### Supplied data

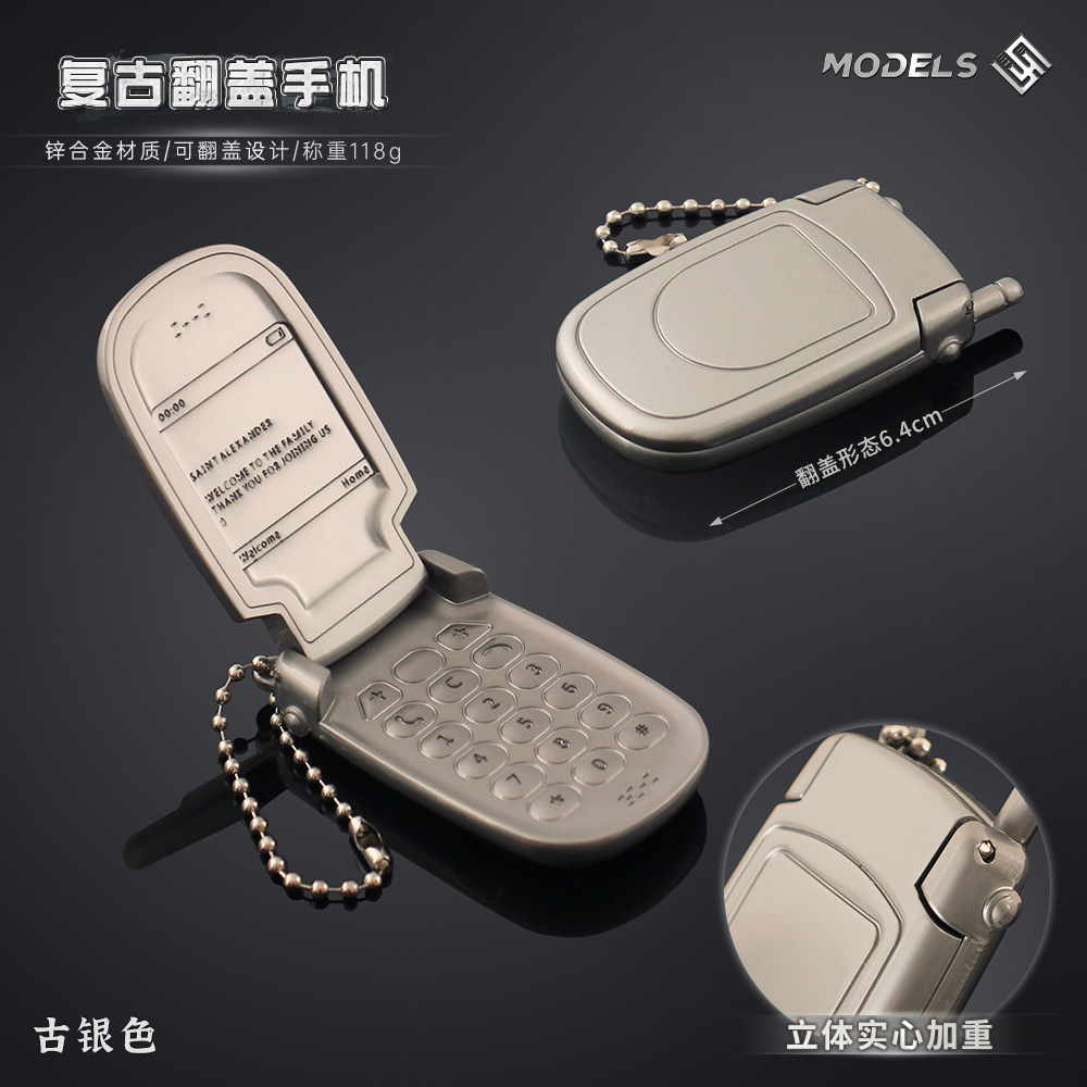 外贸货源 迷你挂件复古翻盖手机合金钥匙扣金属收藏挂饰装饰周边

==

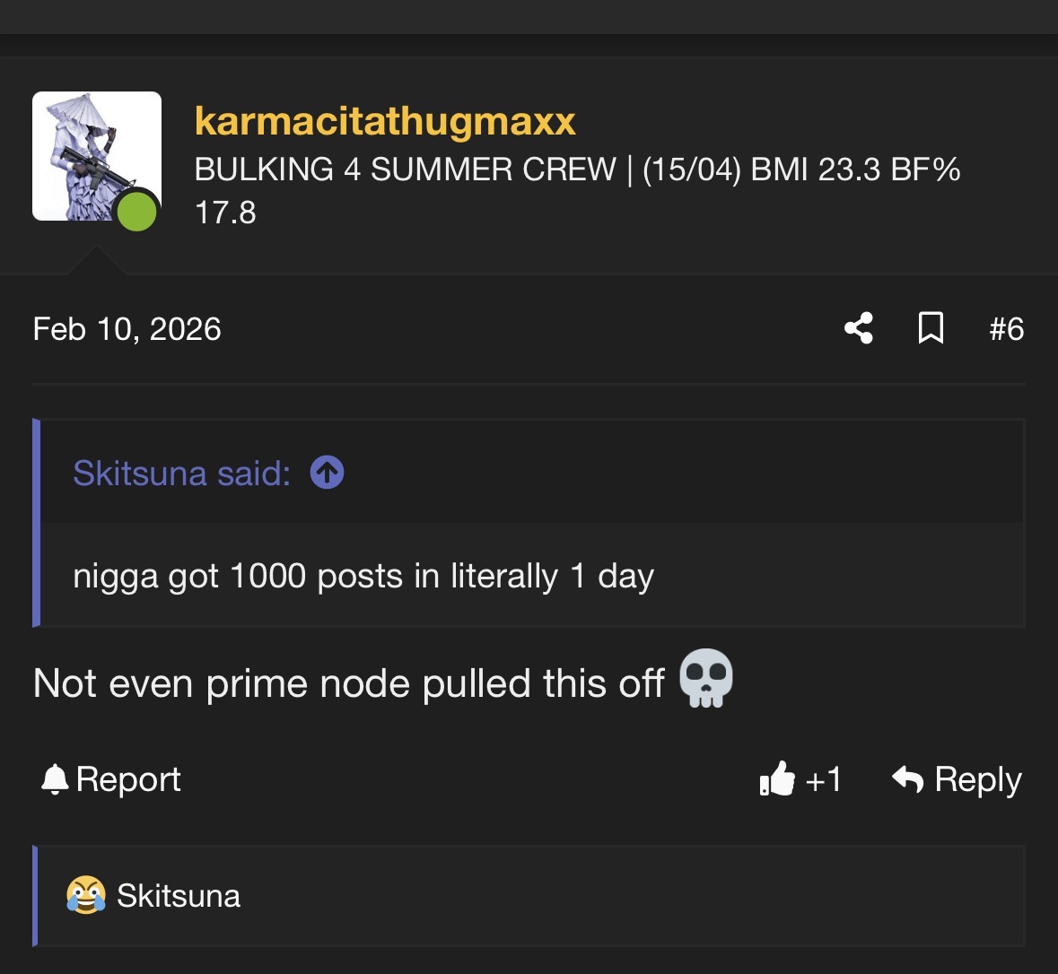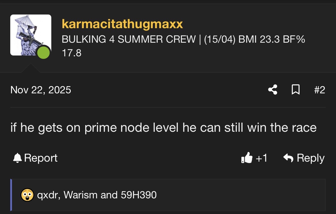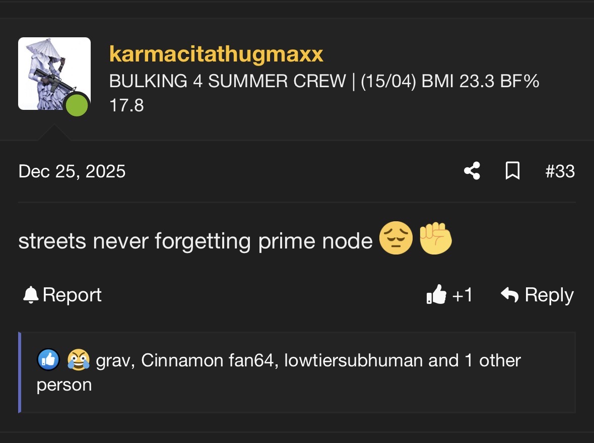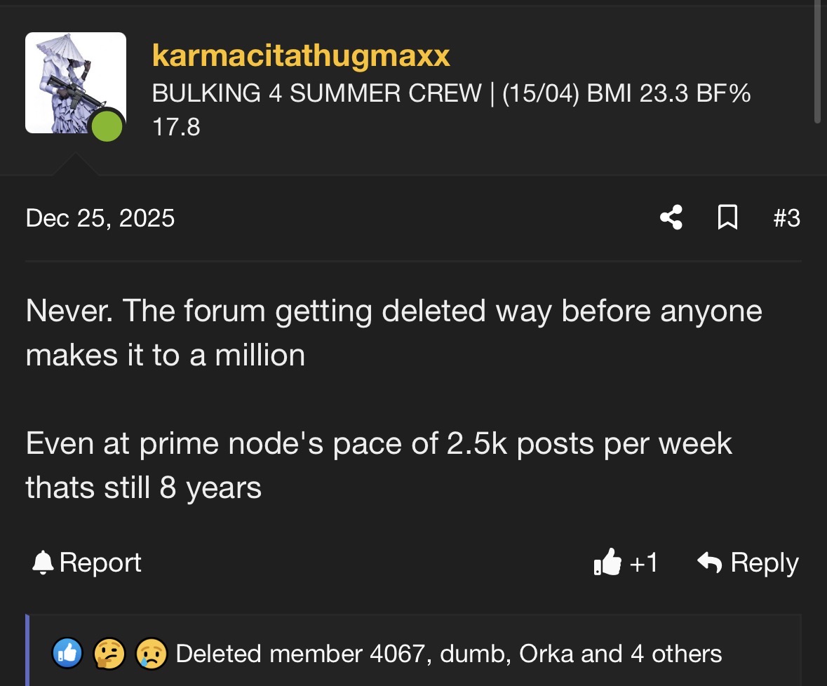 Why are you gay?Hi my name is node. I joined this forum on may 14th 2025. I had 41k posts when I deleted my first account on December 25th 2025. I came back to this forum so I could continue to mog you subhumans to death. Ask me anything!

...

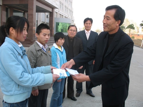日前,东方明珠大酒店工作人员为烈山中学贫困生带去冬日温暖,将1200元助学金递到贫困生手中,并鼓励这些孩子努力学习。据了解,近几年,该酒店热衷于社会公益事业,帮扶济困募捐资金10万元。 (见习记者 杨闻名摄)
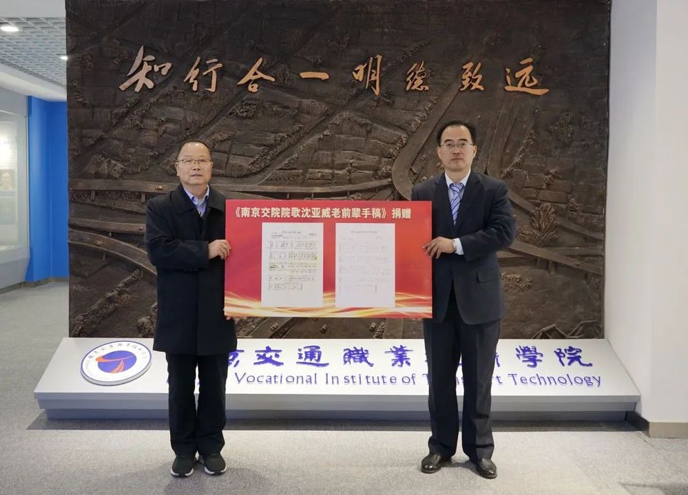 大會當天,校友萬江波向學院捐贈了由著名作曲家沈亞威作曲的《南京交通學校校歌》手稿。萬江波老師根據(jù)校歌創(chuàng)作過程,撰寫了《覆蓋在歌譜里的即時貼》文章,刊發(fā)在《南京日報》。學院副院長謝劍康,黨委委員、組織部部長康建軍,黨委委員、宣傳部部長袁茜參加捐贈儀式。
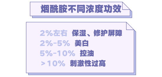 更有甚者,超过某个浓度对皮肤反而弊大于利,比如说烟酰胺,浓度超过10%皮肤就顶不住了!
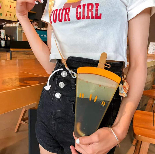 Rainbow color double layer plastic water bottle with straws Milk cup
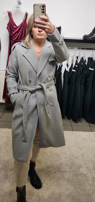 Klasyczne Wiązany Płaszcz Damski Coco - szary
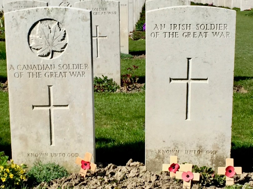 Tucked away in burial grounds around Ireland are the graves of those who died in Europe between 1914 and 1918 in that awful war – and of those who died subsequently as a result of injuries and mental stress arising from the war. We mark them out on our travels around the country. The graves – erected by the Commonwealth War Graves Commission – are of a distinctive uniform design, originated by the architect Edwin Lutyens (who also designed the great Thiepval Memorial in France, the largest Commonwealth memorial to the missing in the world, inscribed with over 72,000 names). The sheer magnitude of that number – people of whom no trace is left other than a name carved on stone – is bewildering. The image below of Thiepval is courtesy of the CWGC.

### About this exercise
Skipping the pictures, print the lines in the listing above exactly as written, starting at the line with "Rainbow color double" and ending at the line with "Klasyczne Wiązany Płaszcz", both included.

### Output of the task
 Rainbow color double layer plastic water bottle with straws Milk cup
 Klasyczne Wiązany Płaszcz Damski Coco - szary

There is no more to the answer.